Ms Plibersek also singled out Mr Abbott’s comment that more people die in cold snaps that heatwaves and a gradual increase in global temperatures “might even be beneficial”.
“He says climate change is not happening but if it is happening it’s actually a good thing. I mean it’s just nuts,” Ms Plibersek said.
.@tanya_plibersek: @TurnbullMalcolm has given up on climate change to vacate the field to the loopy former PM. MORE: https://t.co/mUjwQFKXTE pic.twitter.com/rqF0vy4udO
â Sky News Australia (@SkyNewsAust) October 9, 2017
Abbott’s consistency on climate policy ‘a question for him’
Mr Abbott’s factional ally, Assistant Treasurer Michael Sukkar said the issue of whether Mr Abbott’s speech was consistent with his actions as prime minister was a question for Mr Abbott.
It was Mr Abbott who signed Australia up to the Paris agreement of a 26 to 28 per cent reduction on 2005 emission levels by 2030.
“I haven’t seen the speech or read the speech,” Mr Sukkar said.
“My view doesn’t change on this issue. In the end I think there’s broad acceptance for our quite ambitious carbon emission reductions that we agreed in Paris, and I think if I go back five or ten years by any measure of what people were expecting out of the Australian government they are very ambitious carbon reduction targets, but in order to ensure that we could meet those, in order to ensure that we have the relative consensus necessary to be able to do that, we do need to deliver affordable and secure electricity.
.@MichaelSukkarMP: The reality is no one listens to Labor on energy because of what we have seen in SA. MORE https://t.co/mUjwQFKXTE pic.twitter.com/BmTbtFJqw2
â Sky News Australia (@SkyNewsAust) October 9, 2017
‘Clear who’s calling climate shots’
Shadow Treasurer Chris Bowen said Mr Abbott’s speech, coupled with Energy Minister Josh Frydenberg’s indication yesterday that the Turnbull government is backing away from a clean energy target — shows the former prime minister is “calling the shots” on energy policy.
Mr Abbott’s comments come after Mr Frydenberg yesterday hinted that Chief Scientist Alan Finkel’s recommendation of a clean energy target would be dropped, amid mounting pressure within the Coalition party room.
At the same energy summit in Sydney yesterday, Dr Finkel said the target would remain a useful tool, “even if there was an extreme rate of reduction of the price of new technologies”, while Opposition Leader Bill Shorten stuck with Labor’s 50 per cent renewable energy target, telling Malcolm Turnbull he could either work with Labor on a clean energy target or lock in higher power prices.
Mr Bowen said Mr Frydenberg’s indication that the falling cost of renewables negated the need for a clean energy target was an “excuse for a catastrophic policy failure”.
“What this represents is a catastrophic failure by Malcolm Turnbull to stand up to the climate change deniers in his party and his inability to stop Tony Abbott and the likes of Craig Kelly calling the shots,” Mr Bowen said.
“It’s 2017 and we’ve got a former prime minister overseas denying the science of climate change, and more importantly than that, I mean he can say what he likes, he’s calling the shots on the policy of Australia.

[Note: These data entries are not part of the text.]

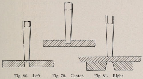 A wider punch is now used in the long channel to straighten it and make it deeper. The wide punch should have no taper and should be a scant ³⁄₃₂ in. thick so that the line will be about ³⁄₃₂ in. wide. If any part of the channel should be too wide, the handle should be hammered on the edge with a light hammer to close the channel a little. When the channel is finished, the handle should be filed flat on the channel side. This will give one a better view of the straightness of the channel.
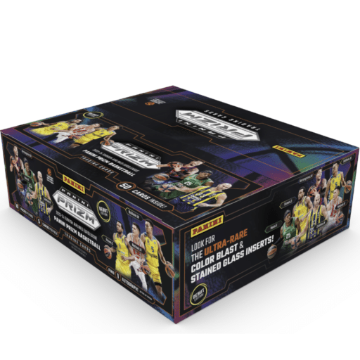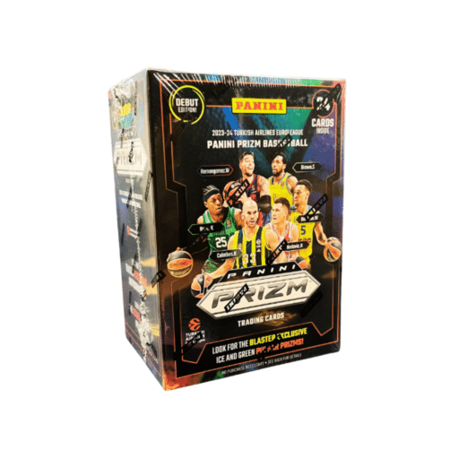 For example, the “Prizm EuroLeague Basketball Blaster Box” has 6 packs of 4 cards (a total of 24 cards), with an average of 3 exclusive Prizms, 3 “other Prizms,” and 3 inserts, along with the exclusive “Ice and Green Pulsar Prizms.”
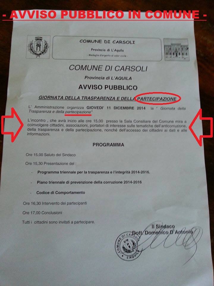 Carsoli-Sandro Proia, in merito alla giornata della trasparenza e della partecipazione organizzata dal Comune di Carsoli per Venerdì 11 Dicembre,in un suo Post sulla sua pagina Facebook scrive:<<
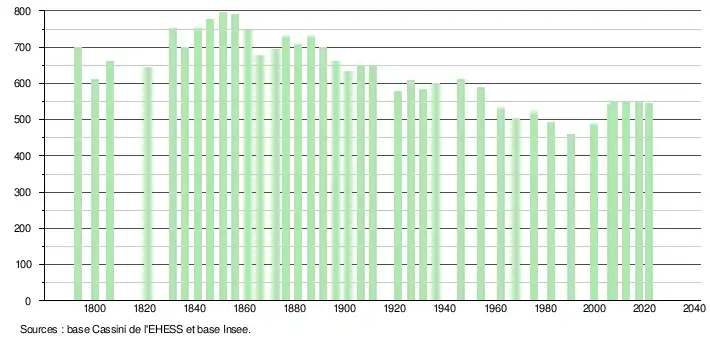 L'évolution du nombre d'habitants est connue à travers les recensements de la population effectués dans la commune depuis 1793. Pour les communes de moins de 10 000 habitants, une enquête de recensement portant sur toute la population est réalisée tous les cinq ans, les populations légales des années intermédiaires étant quant à elles estimées par interpolation ou extrapolation[20]. Pour la commune, le premier recensement exhaustif entrant dans le cadre du nouveau dispositif a été réalisé en 2007[21].
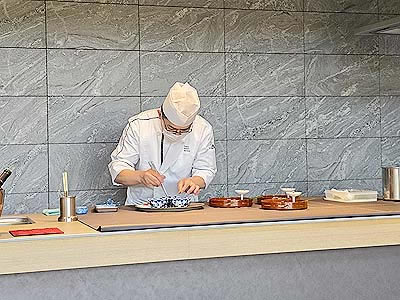 カウンターで和食の盛り付けが始まります
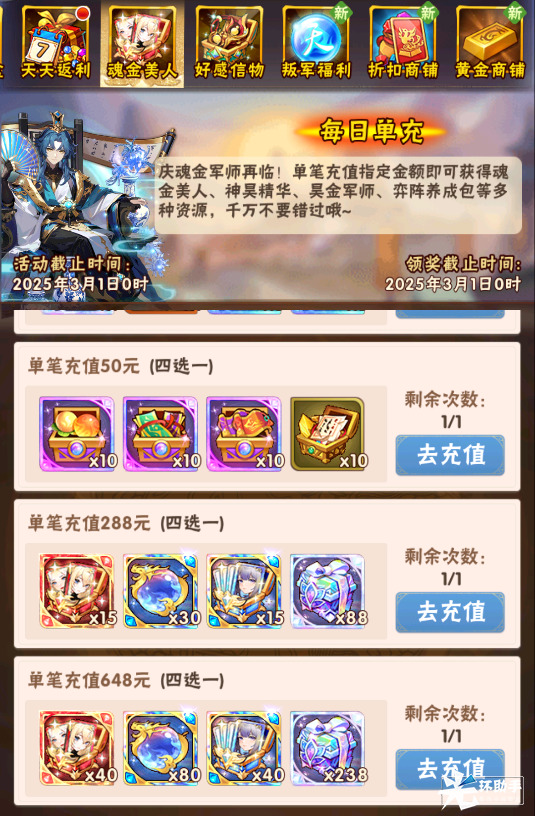 少年们单笔充值指定金额,即可得到魂金美人二选一、神昊精华、昊金军师碎片箱、弈阵养成包等珍稀道具!并且可以和初春欢庆中的充值活动叠加,千万不要错过哟~
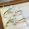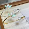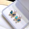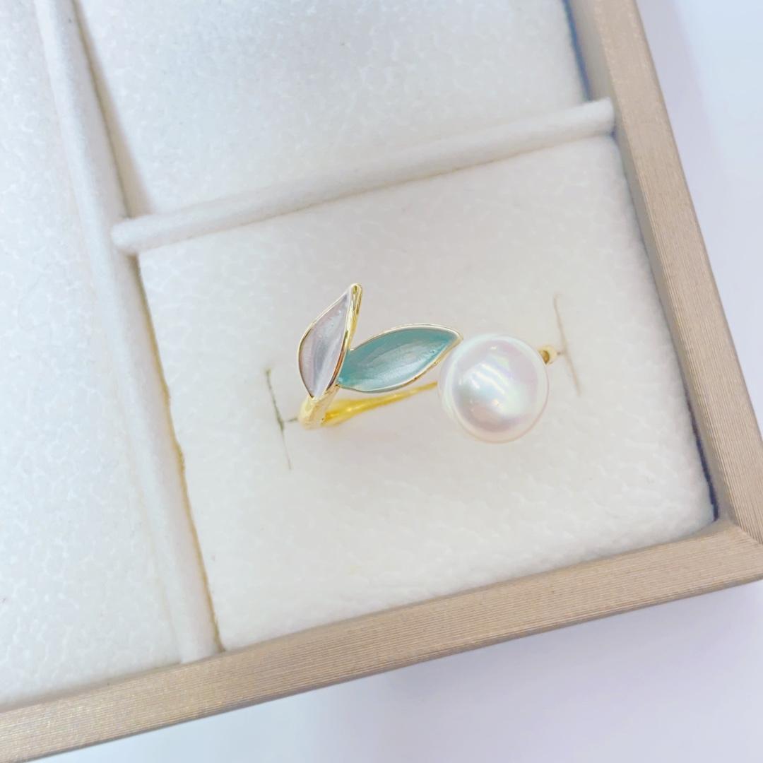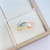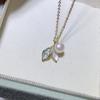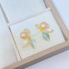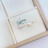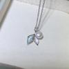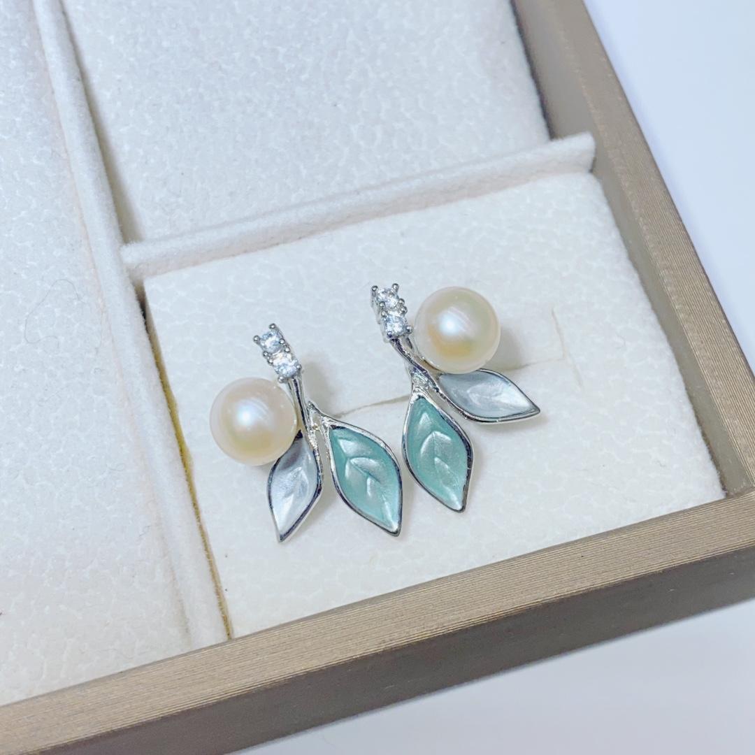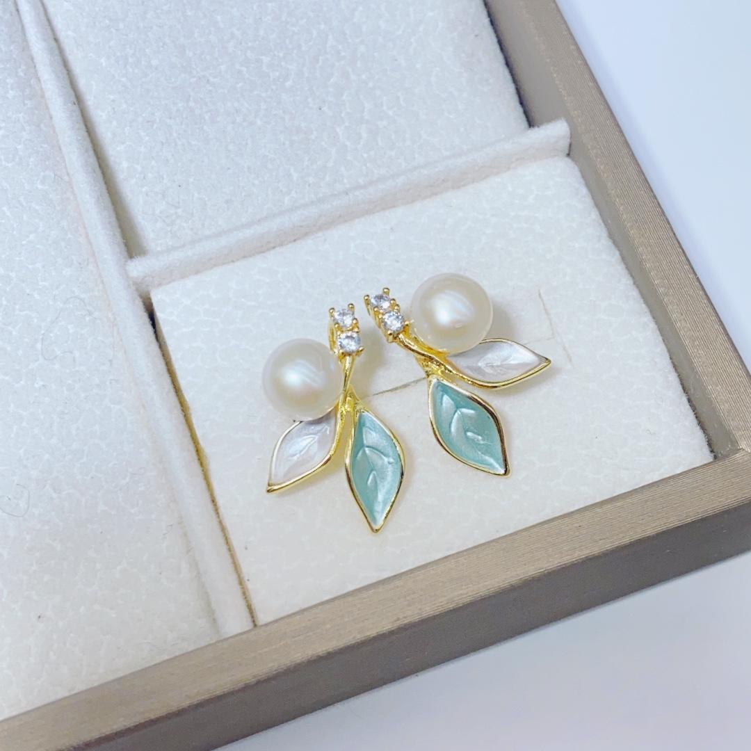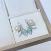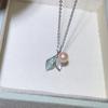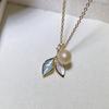 Juego de tres piezas de aguja de plata S925 con perla natural de agua dulce, pendientes de hoja Morandi con gota de aceite, collar, anillo
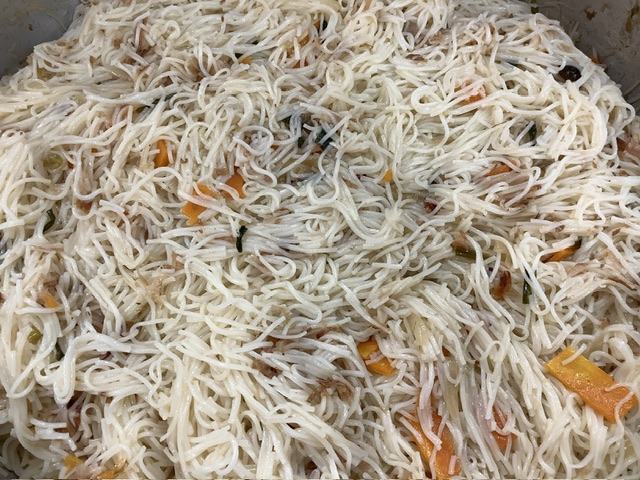 そうめん・ツナ・にんじん・玉ねぎ・にら・ピーマン・しめじを混ぜて炒めました。
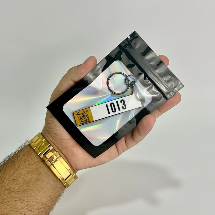 Dubai Classic Design Number Plate Keychain – the perfect gift for car lovers or anyone who loves a personalized touch. Add your name to one side and a UAE plate design on the other.
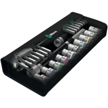 Incredibly compact set arrangement with many tools in a minimum of space. A completely new ratchet set feeling thanks to the unique textile boxes that are very robust and durable. They can be positioned upright for tidy storage on the workshop shelf. Additional surface protection due to textile outer material. Low weight and volume for simpler mobility. Take it easy Tool Finder with colour coding according to sizes.
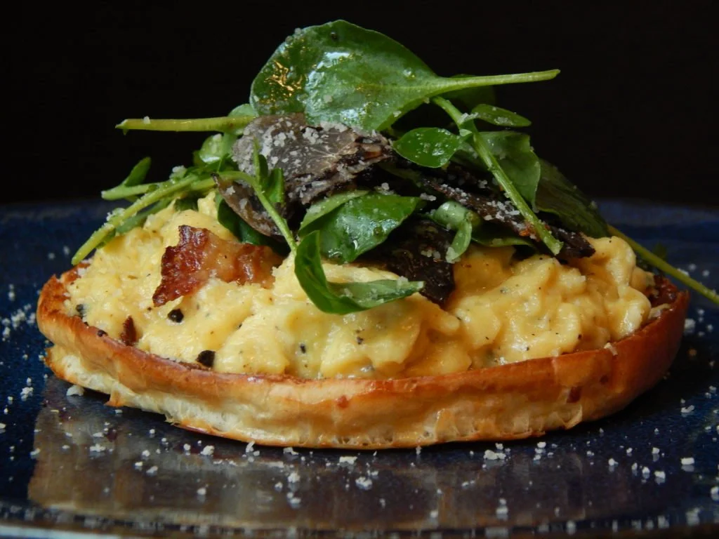 Recipe: Scramble Duck Egg, Shaved Truffles, Pancetta, Watercress, and Gruyere Toast ↓
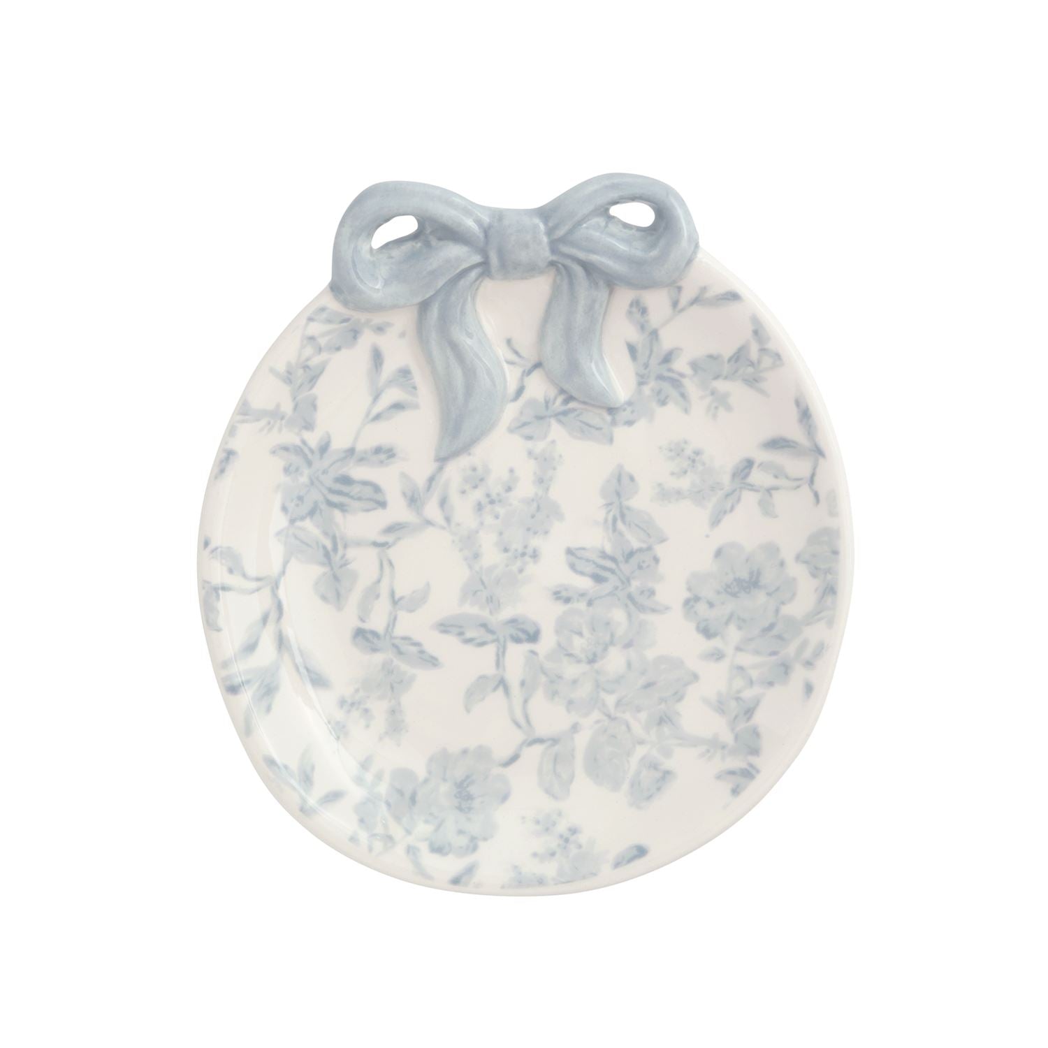 Ceramic ring dish features hand-painted, dimensional ceramic bow and ribbon detail around rim.
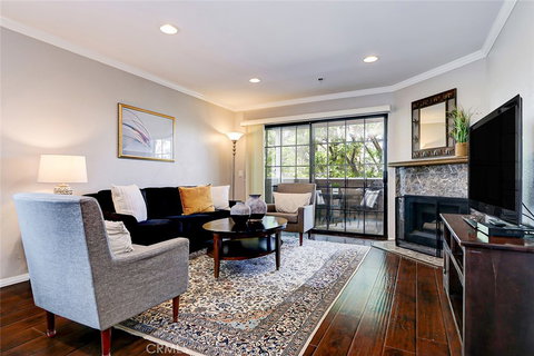 Welcome home to this darling 2 bed 2 bath condo. This end unit on the second floor features wood/laminate floors throughout, smooth ceilings with recessed lighting, crown molding and a lovely gas/wood burning fireplace for cozy evenings. The living room leads you out to a private covered. The all white kitchen is bright and clean. There is a full capacity stackable washer/dryer its own closet in the kitchen. The large primary bedroom enjoys its own en-suite bathroom and has two good sized closets. The second bedroom also features a bathroom. The windows in this unit have been upgraded with energy efficient dual paned windows. This unit comes with 2 side by side parking spaces in an underground security gated garage. Guest parking is easy. The property is located close to top shopping the Village, CSUN, Pierce College as well as nearby restaurants and entertainment! This charming condo complex is located just steps away from Reseda Park, one of the nicest parks in Los Angeles!

“He is an effective handbrake on the elected Prime Minister, stopping any sensible policy progress when it comes to climate change and energy.”
Mr Bowen said the government was foregoing a rare opportunity to follow the advice of its own chief scientist and work with Labor on a clean energy target.
“We didn’t commission Alan Finkel. We didn’t ask him to do this work. Malcolm Turnbull did,” Mr Bowen said.
“Alan Finkel has delivered a very good report which says here’s a way forward.
“We say, well we don’t think it’s perfect, it’s not everything we’d like, but hey, it’s the best chance going, let’s sit down and finally let’s be adults, Labor and Liberal working together. “We’ve got this remarkable circumstance with the opposition of the day willing to be bipartisan but the government can’t reach an internal partisan position.
“We can’t negotiate with a puff of smoke. We need the government to have a position so that we can reach that policy certainty. We don’t have that because frankly Malcolm Turnbull is just not up to it.”